Required work: Could every line below be transcribed exactly, with the pictures dropped?

Source data:
:::::

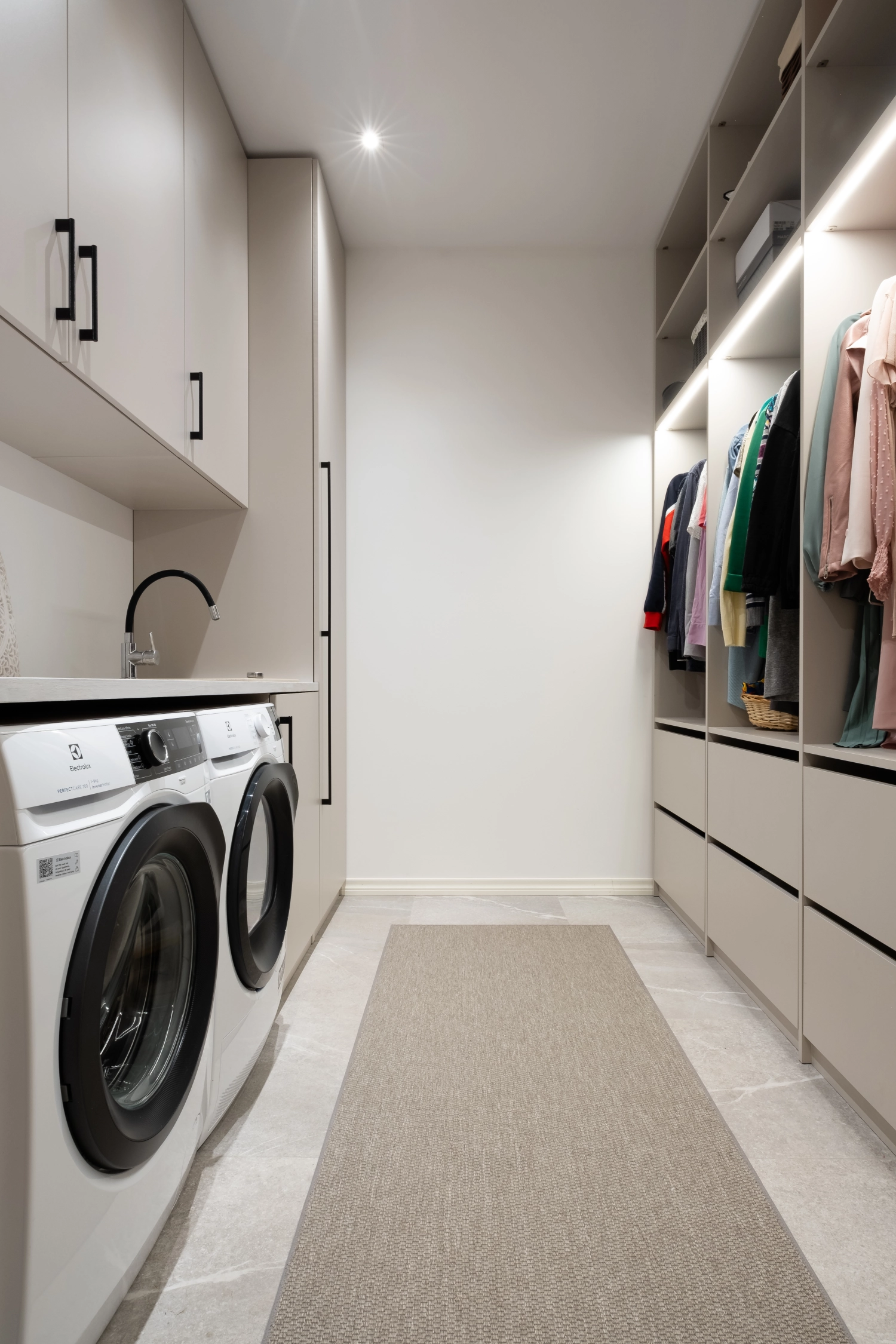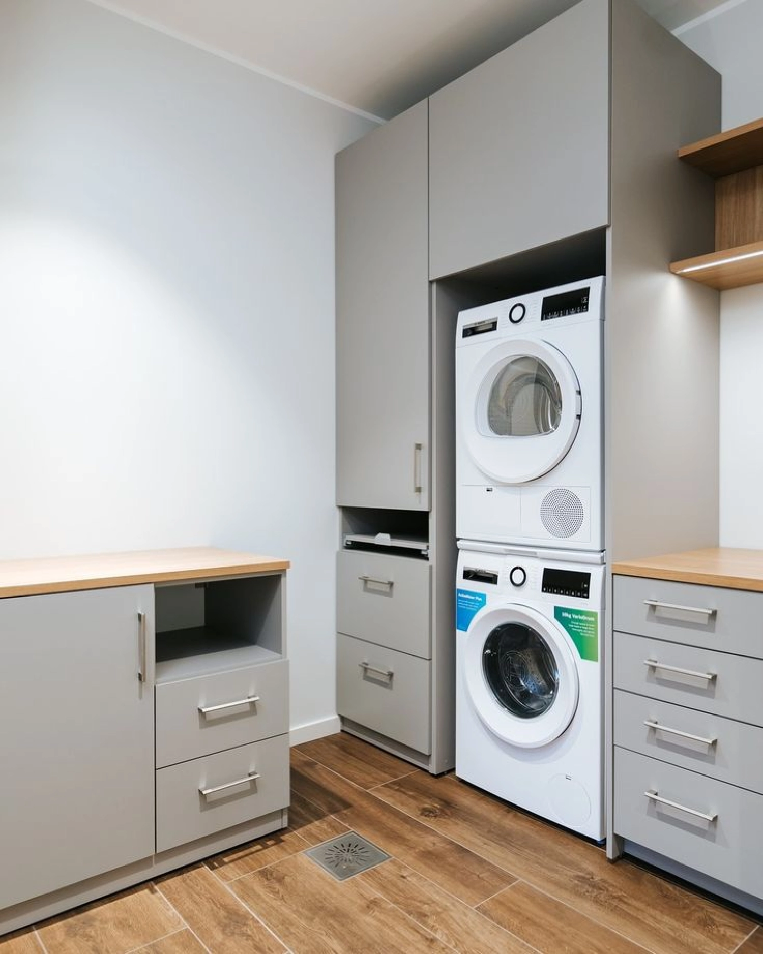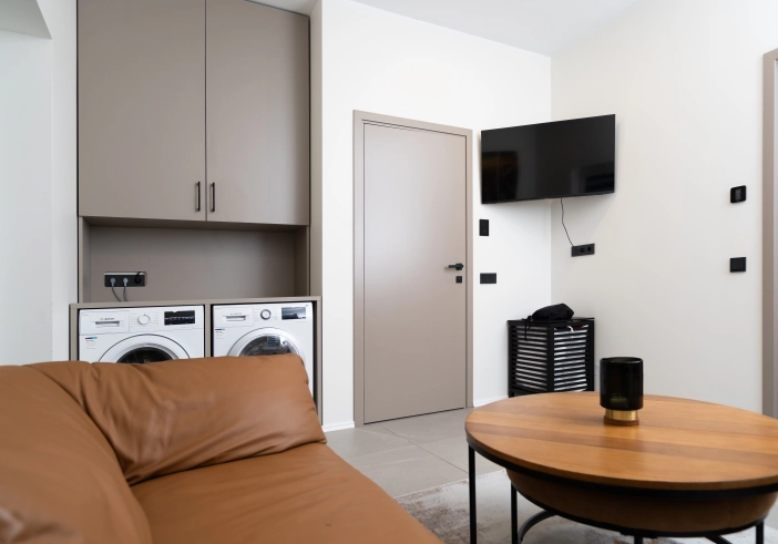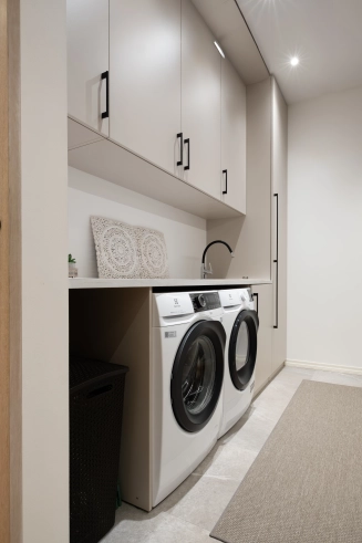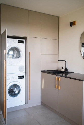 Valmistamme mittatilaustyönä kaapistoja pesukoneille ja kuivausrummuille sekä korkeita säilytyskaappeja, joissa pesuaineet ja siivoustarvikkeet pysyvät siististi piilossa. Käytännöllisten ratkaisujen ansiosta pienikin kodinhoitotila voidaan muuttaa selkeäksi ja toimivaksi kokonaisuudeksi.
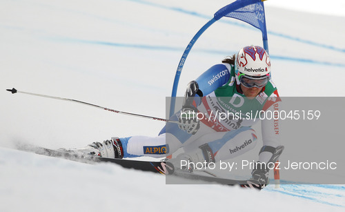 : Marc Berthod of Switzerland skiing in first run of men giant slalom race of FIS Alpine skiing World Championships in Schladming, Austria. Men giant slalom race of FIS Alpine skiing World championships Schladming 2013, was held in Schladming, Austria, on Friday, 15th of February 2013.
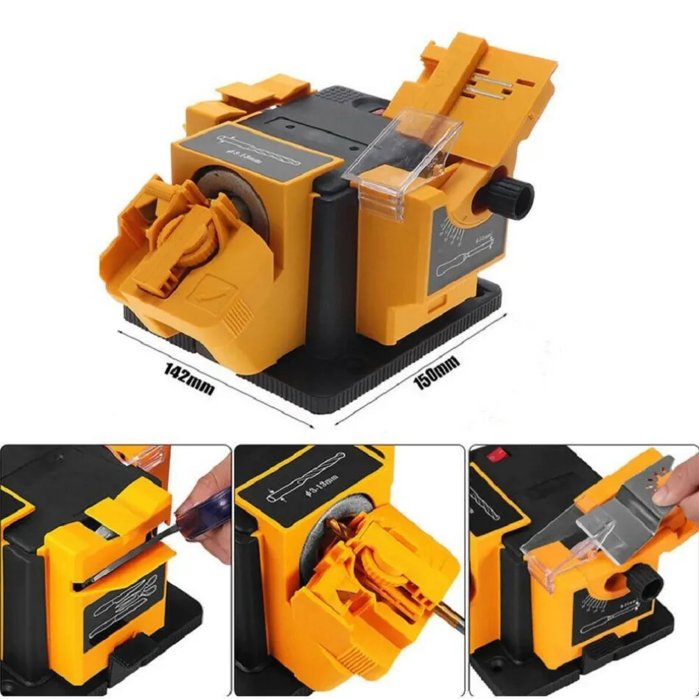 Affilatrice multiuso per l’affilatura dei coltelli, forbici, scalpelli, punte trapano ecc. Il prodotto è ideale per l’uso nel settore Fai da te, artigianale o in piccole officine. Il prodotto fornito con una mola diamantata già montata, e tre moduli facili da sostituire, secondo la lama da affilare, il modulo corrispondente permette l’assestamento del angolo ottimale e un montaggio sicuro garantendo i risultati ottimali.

:::::

Exercise response:
 Valmistamme mittatilaustyönä kaapistoja pesukoneille ja kuivausrummuille sekä korkeita säilytyskaappeja, joissa pesuaineet ja siivoustarvikkeet pysyvät siististi piilossa. Käytännöllisten ratkaisujen ansiosta pienikin kodinhoitotila voidaan muuttaa selkeäksi ja toimivaksi kokonaisuudeksi.
 : Marc Berthod of Switzerland skiing in first run of men giant slalom race of FIS Alpine skiing World Championships in Schladming, Austria. Men giant slalom race of FIS Alpine skiing World championships Schladming 2013, was held in Schladming, Austria, on Friday, 15th of February 2013.
 Affilatrice multiuso per l’affilatura dei coltelli, forbici, scalpelli, punte trapano ecc. Il prodotto è ideale per l’uso nel settore Fai da te, artigianale o in piccole officine. Il prodotto fornito con una mola diamantata già montata, e tre moduli facili da sostituire, secondo la lama da affilare, il modulo corrispondente permette l’assestamento del angolo ottimale e un montaggio sicuro garantendo i risultati ottimali.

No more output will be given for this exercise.